What Makes a Great Climate Data Visualization?
Simple but not simplistic: Line graphs for trends, bar charts for comparisons, heat maps for disparities. Your data should be clearly readable at a glance. People should not have to struggle to understand the data that you are presenting. It should have a clear title and intention.
Color with intention: Green for growth, red for risk, neutral tones for balance. Make sure that the graphs work in grayscale too.
Contextualized information: “50% emissions reduction” is meaningless unless compared to industry norms or other forms of technology. Give context, background and comparisons to make your numbers mean something. Whenever possible relate the data to easily understood scales — a metric ton is hard to imagine, this comparison makes it easy.
Interactive when possible: Zoomable maps, hover effects, adjustable timelines — let people explore the data on their own, because it helps numbers stick in memories.

Real-World Examples of Businesses Using Data Visualization
Carbon Tracking Startups like Terralytiq use dynamic dashboards to help companies track and visualize their emissions reductions.
Food Sustainability Companies like HowGood use product lifecycle analysis visuals to show how food choices impact the climate, making sustainability actionable for brands.

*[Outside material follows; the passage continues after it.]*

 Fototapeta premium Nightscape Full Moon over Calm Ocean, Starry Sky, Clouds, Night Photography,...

Building & Energy Firms use before-and-after energy efficiency heat maps to prove impact to clients and policymakers.
What Businesses Can Do
Turn your internal climate data into visuals for investor decks, reports, and marketing
Use interactive tools to help stakeholders engage with your impact. Datawrapper and Tableau both have intuitive tools that are readily available to use.

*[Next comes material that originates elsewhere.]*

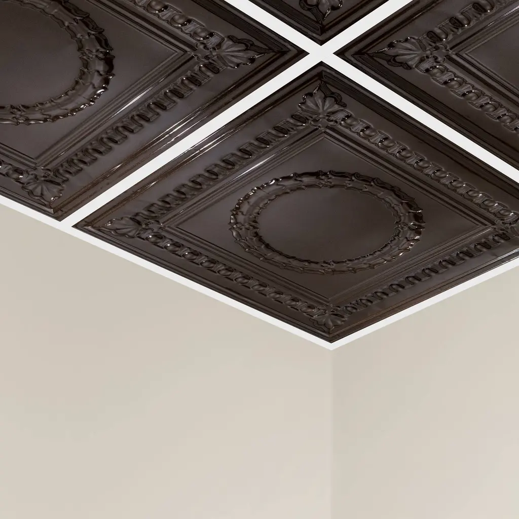 Great Lakes Tin Ceilings provide the classic look of yesteryear with authentic recreations that make a lasting impression in any space. The ceiling tiles are available in both nail-up and lay-in options in numerous styles and finishes. The nail-up tiles are easily applied with nails, screws, or glue. Finish options range from antique or gloss white to bronze burst and copper offerings. Two crown molding styles are also available and provide a finished look to your project. Panels can be cut with tin snips and allow homeowners to achieve a professional look at an affordable price. • Safer than standard tiles; Great Lakes Tin uses only premium-grade 29-gauge tin-plated steel, tested and awarded the Class A 1-Hour Fire Rating • Cut to fit any space; These tiles can be easily cut with tin snips, trimmed to any shape or size to fit your targeted area • Not just for ceilings; Great Lakes Tin tiles can be used to create an antiqued backsplash or rustic accent wall in your home; choose the finish that complements your decor and get to DIY-ing • Easy to install; Lightweight and durable, these tin tiles come in packs of five 2ft x 2ft panels, preventing the trouble and danger of dealing with bulky sheets of metal; simply drop in the tiles to create a beautiful new ceiling in no time; matching crown molding is also available • High quality materials; Tiles are made from genuine tin-plated steel, not plastic or foam board; achieve the rustic authenticity you envision with our one-of-a-kind tin ceiling panels; The Matte White tile has a soft, satin white finish with a matte topcoat

Avoid overwhelming people with raw numbers—show trends in a way they can grasp
Data visualizations help reveal patterns, but some of the most powerful visuals in climate communication come from entirely new perspectives — satellite imagery, augmented reality, and digital art.

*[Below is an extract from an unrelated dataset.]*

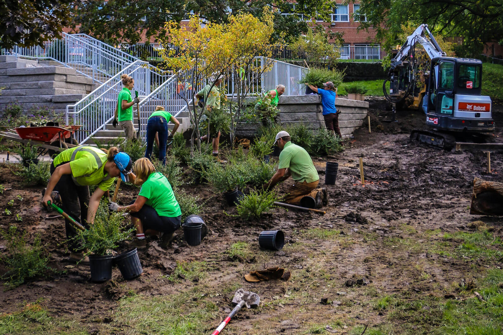 With hardscape in place, a massive planting effort by over 50 volunteers was held on Oct. 4 involving hundreds of plants and two dozen large trees.

4. Tools and Resources to Bring Climate Impact to Life
Many of the most important climate impacts and solutions are happening out of sight. But today, we have better tools than ever to make the unseen visible.
Satellite Imagery & Remote Sensing
Carbon Mapper’s methane leak detection makes invisible pollution visible, forcing accountability on major polluters.
Global Forest Watch’s deforestation tracking helps businesses ensure supply chain transparency.
NASA’s temperature anomaly maps show real-time climate trends, helping investors and policymakers assess risk.
Augmented & Virtual Reality (AR/VR)
AR experiences let consumers see projected sea level rise in their own neighborhoods.
VR allows for immersive storytelling, from walking through a future solar-powered city to witnessing deforestation firsthand.
Climate startups are integrating AR/VR into sustainability education, advocacy, and marketing.
Now that we've looked at some approaches to visual storytelling, let's put it together for impact...
Make People See It, Feel It, and Believe It
If you want people to act on climate, you need to make them see it. Visual storytelling isn’t just a marketing tool—it’s a business strategy for impact. Audit your current communications and make note of where something could be more compelling Visuals should be included in reports and investor decks, along with public-facing social media and websites.
👉 What climate visuals have inspired you the most? Let’s talk in the comments.
Great article David. As a designer and illustrator though, I'm biased. 😉 Visuals will always be powerful tools.
I'd love to share a couple examples I've been inspired by.
While working with a new client recently (glaciologists!), I was introduced to an interactive map showing global air currents, wave patterns, water temperature, etc. It's been a helpful tool to better understand where most of the ocean warming and glacial melting is occurring on Earth.
>>> https://earth.nullschool.net/#current/particulates/surface/level/overlay=pm2.5/orthographic=-3.07,-95.17,738/loc=-125.314,40.562
This article by the Guardian (though a few years old) is a great example of a mixture of storytelling via interactive visualizations AND photography.